Через пятьдесят лет, спустя целую жизнь, Герц пришел к мысли, что одаренность Фредди, хоть и феноменальная, была нехорошего свойства. Она была сродни аутизму, а не подлинной страсти. Зрители завороженно глядели, как по лицу Фредди, сменяясь, пробегали оттенки чувств, словно видели в действии работу подсознания. Он казался совершенно непричастным к тому, что переживал и чувствовал, как будто эти переживания происходили в другом измерении, не соприкасающемся с повседневностью. Публика на него ходила охотно, но так, как стремятся посмотреть диковинку, ярмарочное представление. Возвращение к повседневности, надо думать, было в высшей степени болезненным. Неудивительно, что ему пришлось бросить играть, подавлять тошноту, переезжать с места на место. Неудивительно, что он сломался. И как только его болезнь была названа, бремя словно бы стало легче, как будто больше уже никто ничего не станет от него ожидать. Даже мать, в общем-то, об этом знала, хотя по своим соображениям изо всех сил поддерживала фикцию, что он выздоравливает. Несмотря на всю кошмарность своих поездок к брату, Юлиус видел, что поделать ничего нельзя, и уезжал из Брайтона не как человек, выполнивший свой долг, а скорее как принявший участие в церемонии, на которой не было церемониймейстера. Эмоции, которые испытывал он сам, хотя и чрезвычайно сильные, относились к нему самому, будто он был как те жертвы Французской революции, которых привязывали к трупам и бросали в реку. Им пожертвовали в беспомощном служении тому, кто во многих отношениях уже ушел из этой жизни.

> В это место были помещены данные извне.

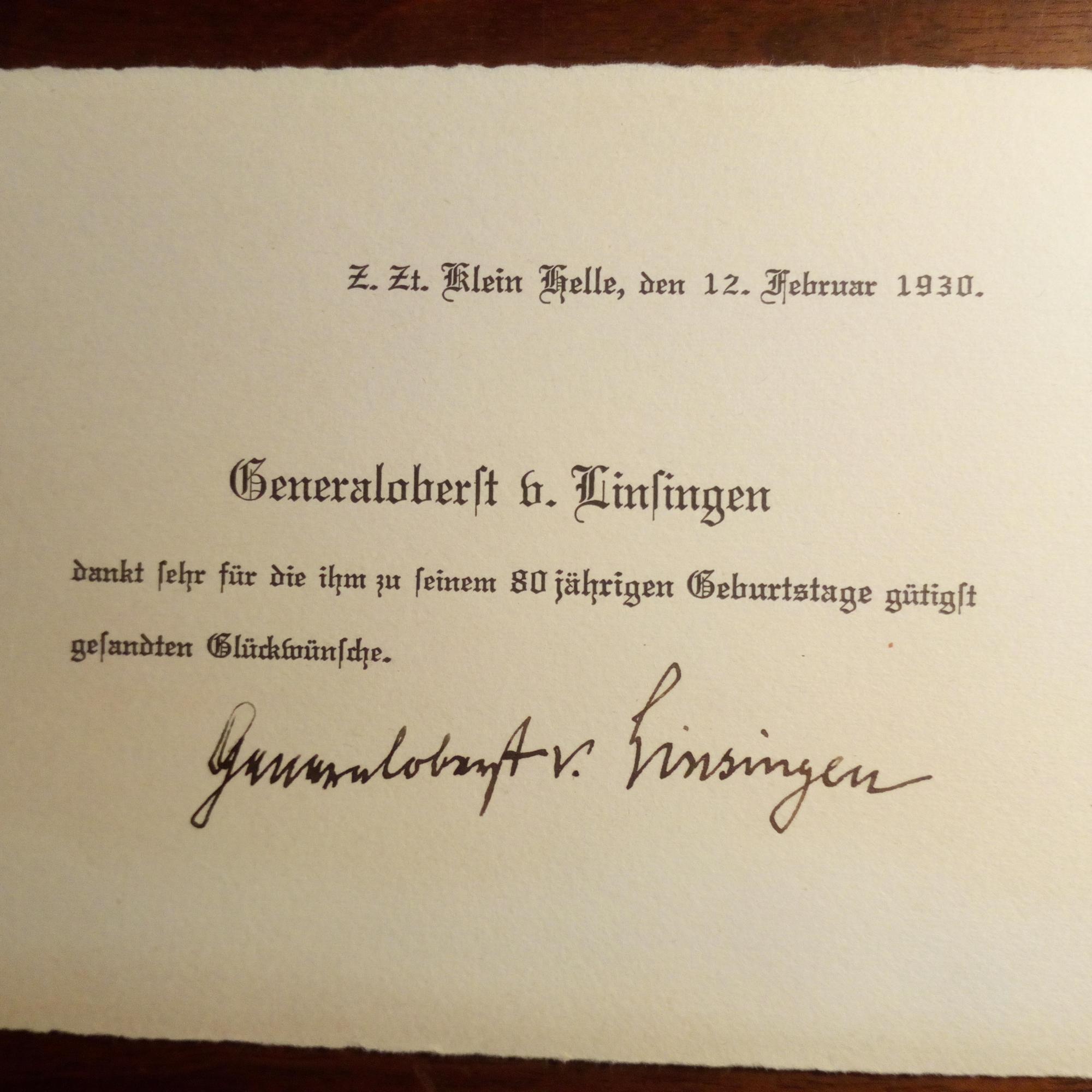 1850-1935, Generaloberst im 1. Weltkrieg - gedr. Geb.-Dankkarte, Klein-Helle (Mecklenb.) 12.1.1930, m. U.

Герц спросил себя, неужели все старики начинают все понимать, когда уже ничего нельзя исправить? Он спросил себя, размышляют ли, как он, те люди, что идут по улице мимо него, о том, чего не воротишь? В таких раздумьях мало проку; они являются результатом течения времени, а потому применения им нет. Как еще он мог повлиять даже теперь на те грустные субботы, кроме того, что признать себя их наследником? Как бы он ни старался, он не мог отделаться от ощущения, что должен быть сейчас в другом месте, что должен не делать покупки у «Маркса и Спенсера», но покорно брести по пустой дороге, подняв воротник для защиты от морского ветра. И только когда суббота подходила к концу, когда он сидел против бесспорно своего персонального телевизора, в своей доказуемо персональной квартире, он мог расслабиться. Но даже тогда он был почти готов снова выйти, чтобы довести миссис Франк до автобусной остановки и вновь отложить на потом свою жизнь, в тщетной надежде, что кто-то ее для него восстановит.
Брат умер в приюте, рядом с ним был лишь он один. Как он и надеялся, родители умерли раньше Фредди. Юлиус все не мог решить, сказать ли Фредди об их смерти, и наконец сказал. Фредди был в тот миг уже очень слаб, сознание то покидало его, то снова возвращалось, но он, кажется, понял. Словно объединенные семейной скорбью, они взялись за руки. В тот миг, когда их руки похолодели в унисон, Юлиус понял, что жизнь Фредди оборвалась. Он и при этом не казался недовольным. Черты его приобрели то странное отдаленное очарование, какое проявлялось, когда он играл. Похоже было, что сама смерть являла свое присутствие еще в те далекие дни его успеха. Только на этот раз ясно было, что ему совсем не страшно.